CangHaiQingYue opened this issue · comments

In data_parser.py ,I find ‘ im -= self.cfgs['mean_pixel_value'] ’,
mean_pixel_value: [103.939, 116.779, 123.68]
I dont understand what is this op mean? Is it for normalization?
Can I use tf.image.per_image_standardization() instead?

A good start to data processing is what we commonly refer to as normalised representations. One example of which would be whitening. Which sets dataset statistics to mean 0 and variance 1.0 . Here we use a simplified version of that and set to dataset statistics to mean 0.

tf.image.per_image_standardization() use per sample statistics to scale each image to mean 0 and variance 1. What we would like it to have mean 0 variance 1 over the whole dataset and not just each sample separately.

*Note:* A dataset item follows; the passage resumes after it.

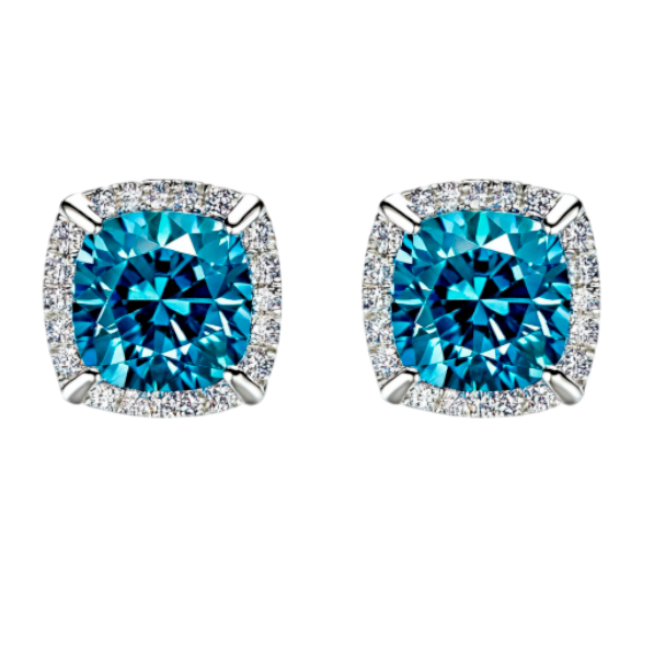 Discover the enduring beauty of these blue cushion diamond stud earrings. Crafted with precision, these studs showcase the soft, romantic shape of the cushion cut, enhanced by the unique and alluring blue diamond. They offer a sophisticated and lasting elegance.

Thanks, I'd read the paper of VGG, and found the reason.
This op will speed up the convergence.

I have a question on the same topic. I am using my own dataset for this project I wanted to ask is the mean_pixel_value: [103.939, 116.779, 123.68] is specific to the BSDS dataset or can be used for any dataset?
Thank you.

Hi Thanks for your question. The mean value is usually computed on the training set which was used to train the base (VGG) Model. In this case the mean value is computed over the entire ImageNet data-set which was used to train the VGG base model. Hence you don't have to change the mean pixel value if you train on your own dataset.